Choosing the right architecture
- For near-instant analytics with data already stored in a Lakehouse: DirectLake Mode is often the best choice.
- For a balance of real-time insights and performance with some data cached: Mixed Mode (Import + DirectQuery) provides flexibility for dashboards that need both fast historical data access and real-time updates.
- For ultra-low-latency visualizations or monitoring dashboards: Real-Time Dashboards with push or streaming datasets are ideal, especially for monitoring operational metrics like IoT data, livestock prices, or social media trends.
Each of these architectures can be chosen based on your latency requirements, data volume, storage needs, and overall dashboard performance expectations.
Conclusion
Implementing Microsoft Real-Time Analytics provides a powerful way for businesses to unlock value from their data instantly. By setting up real-time ingestion, processing, and visualization workflows, organizations can make timely decisions, optimize operations, and respond proactively to market demands. Whether you choose to leverage Eventstream for continuous data flow or KQL databases for fast querying, the flexibility of Microsoft Fabric enables you to tailor solutions that align with your unique business needs.

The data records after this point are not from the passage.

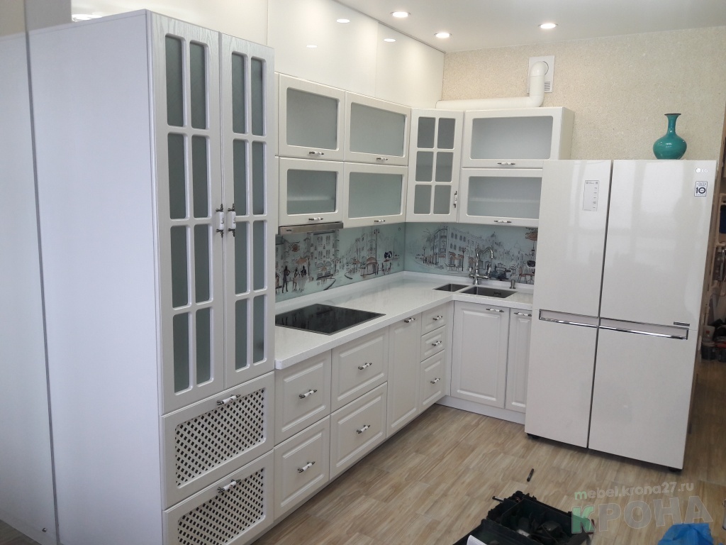 Кухня угловая с фасадами белей глянец
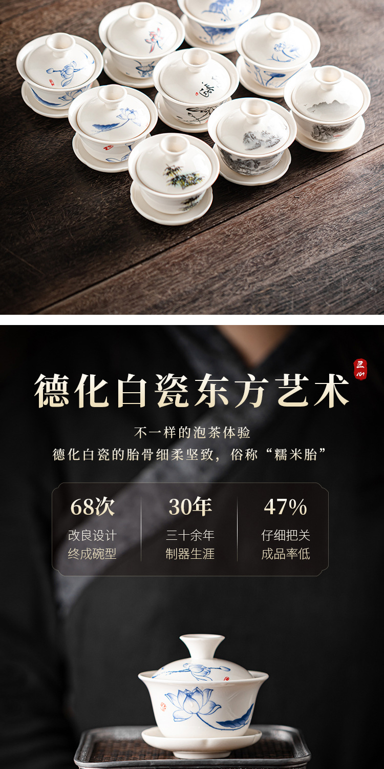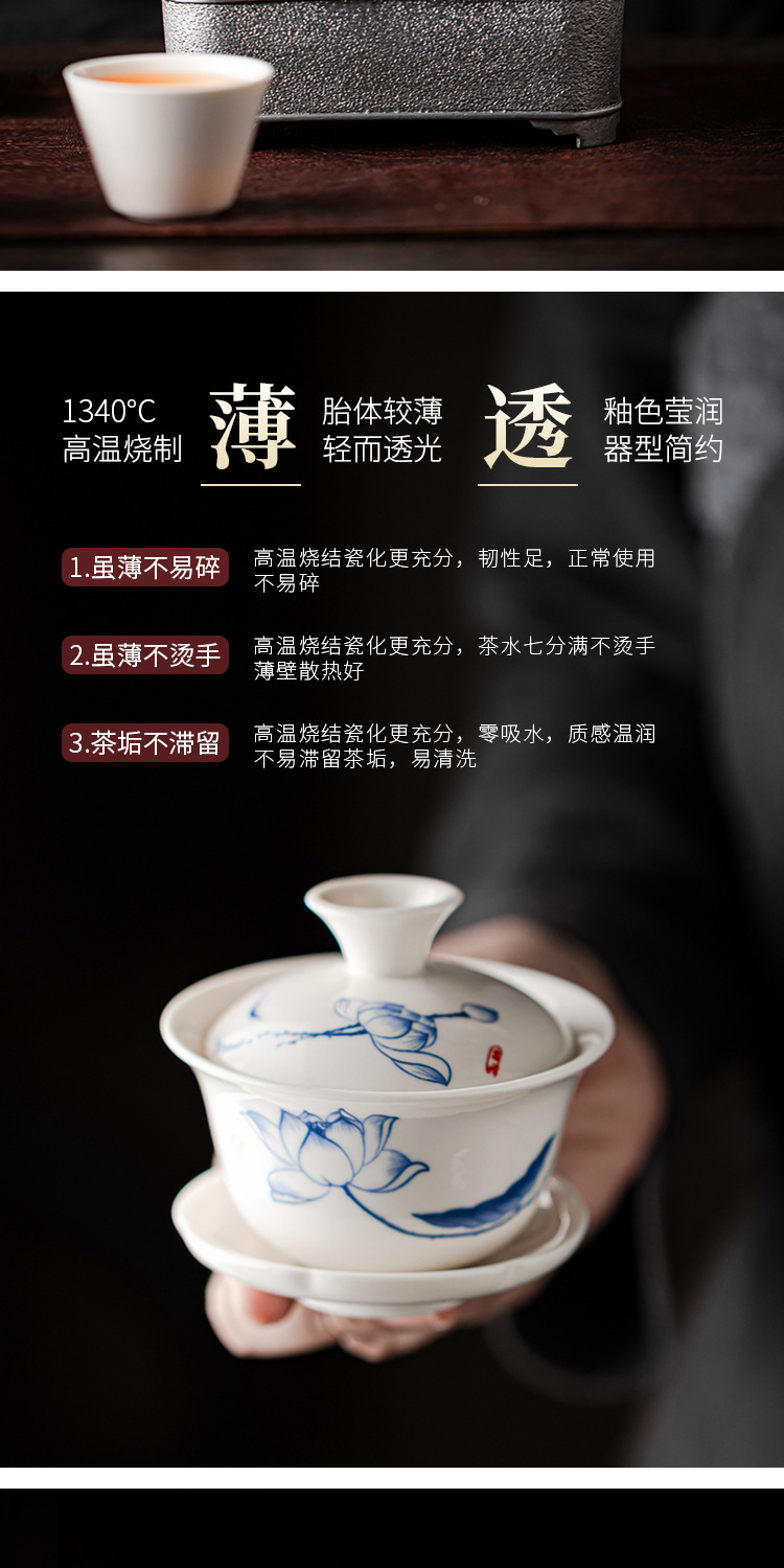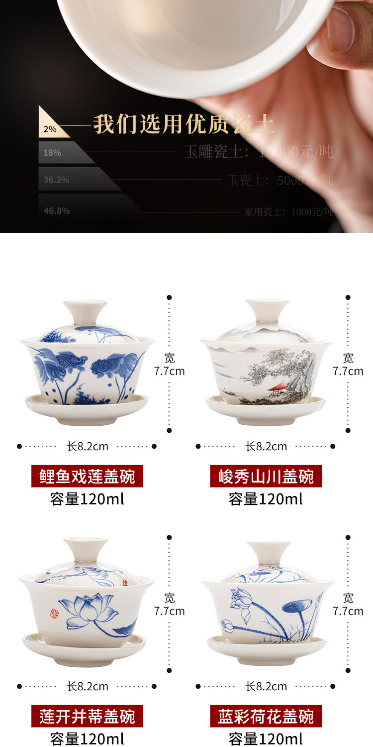 功夫茶盖碗茶杯玻璃敬茶碗大小号陶瓷三才盖碗单个紫砂茶具泡茶壶
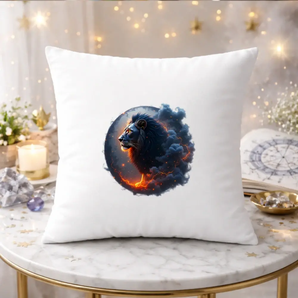 Dominantní motiv lva obklopeného temnou energií a žhavými prvky působí luxusně, dramaticky a velmi moderně. Polštář se stane výrazným doplňkem obývacího pokoje, ložnice i pracovny a zároveň osobním symbolem nositele tohoto znamení.
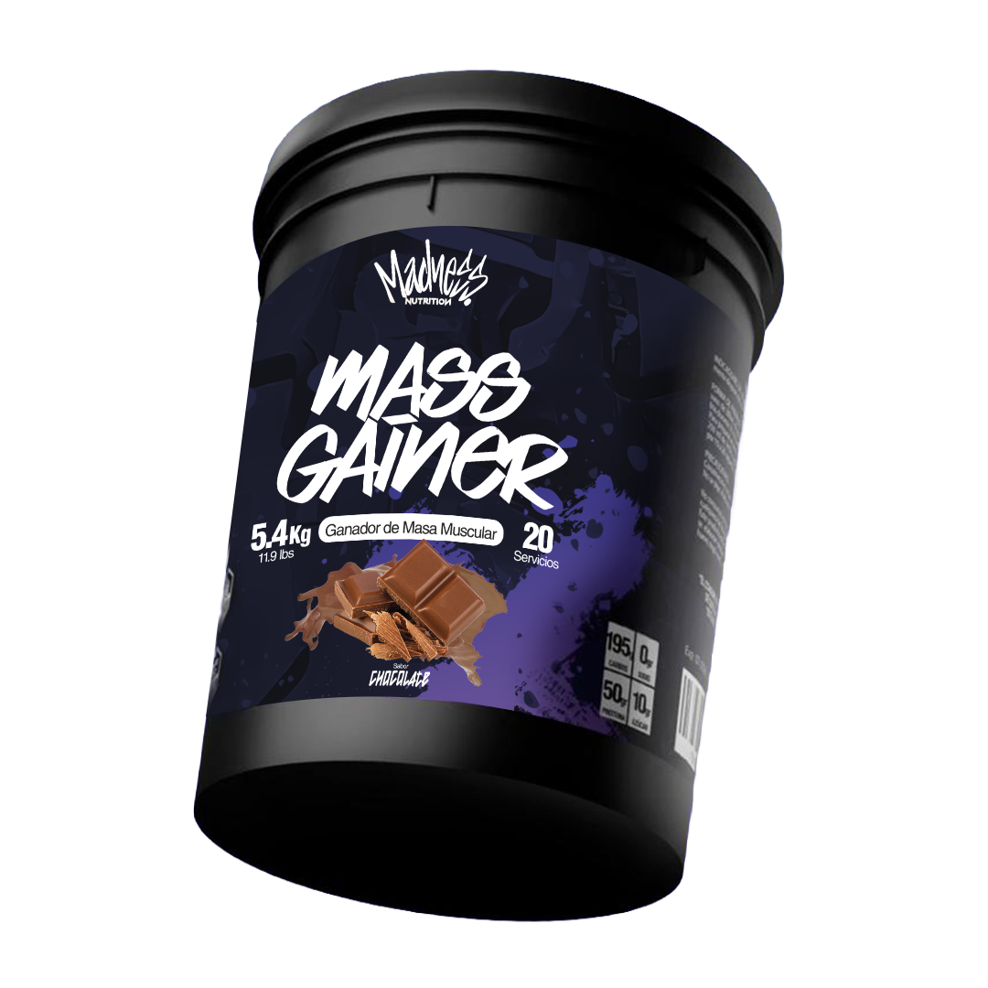 Ganador de peso de 5.4 kg con 20 servicios altos en calorías, carbohidratos y proteína para volumen muscular. Sabores: Chocolate y Fresas con crema.
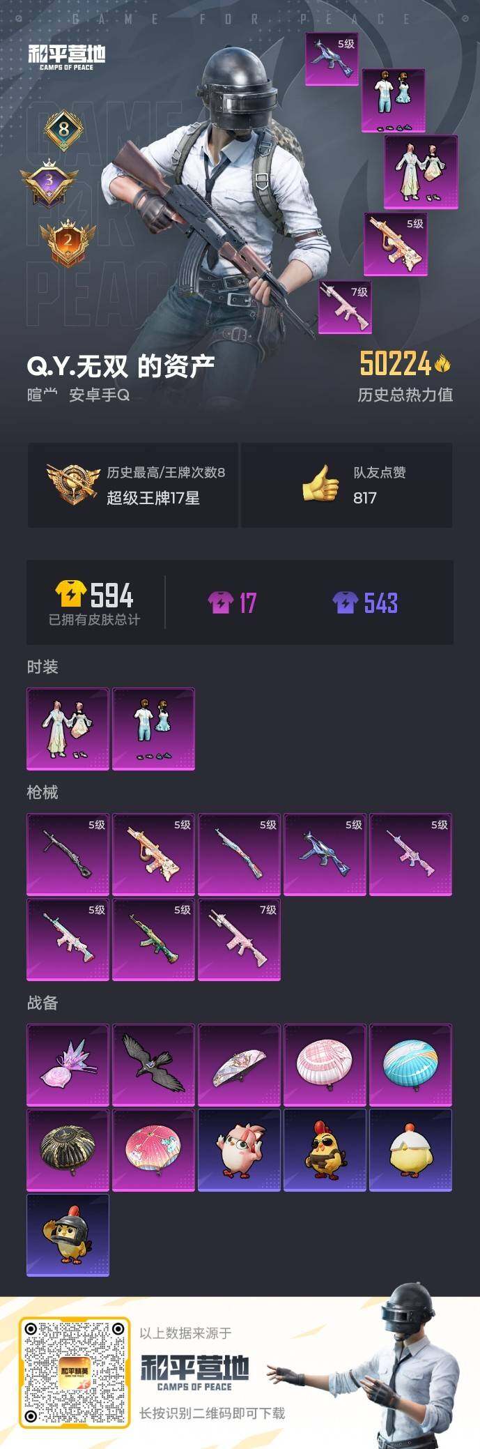 【HP3467】127套装/枪械8/装备189/战备111/王牌印记8/热力值50224/五级AKM-绿萝繁花/五级SCAR-L-锦绣绵绵/五级M416-电玩时刻/五级AUG-暖羊咩咩/五级UMP45-量子极限/五级Kar98K-巳巳如意/七级M417-第五大道/五级DP-28-豹影疾电/套装-龟仙人/粉装-仲夏莫吉托/粉装-莲影清波/AKM-绿萝繁花/SCAR-L-锦绣绵绵/M416-电玩时刻/AUG-暖羊咩咩/UMP45-量子极限/Kar98K-巳巳如意/M417-第五大道/DP-28-豹影

As data volumes grow and the demand for immediate insights intensifies, Microsoft Real-Time Analytics is well-equipped to handle the challenges of today’s data-driven landscape. With the right configuration, you can transform raw data into actionable insights from day one—empowering your organization to stay ahead of the curve, enhance customer experiences, and drive meaningful outcomes. Now is the time to embrace the power of real-time data and harness its potential to shape the future of your business.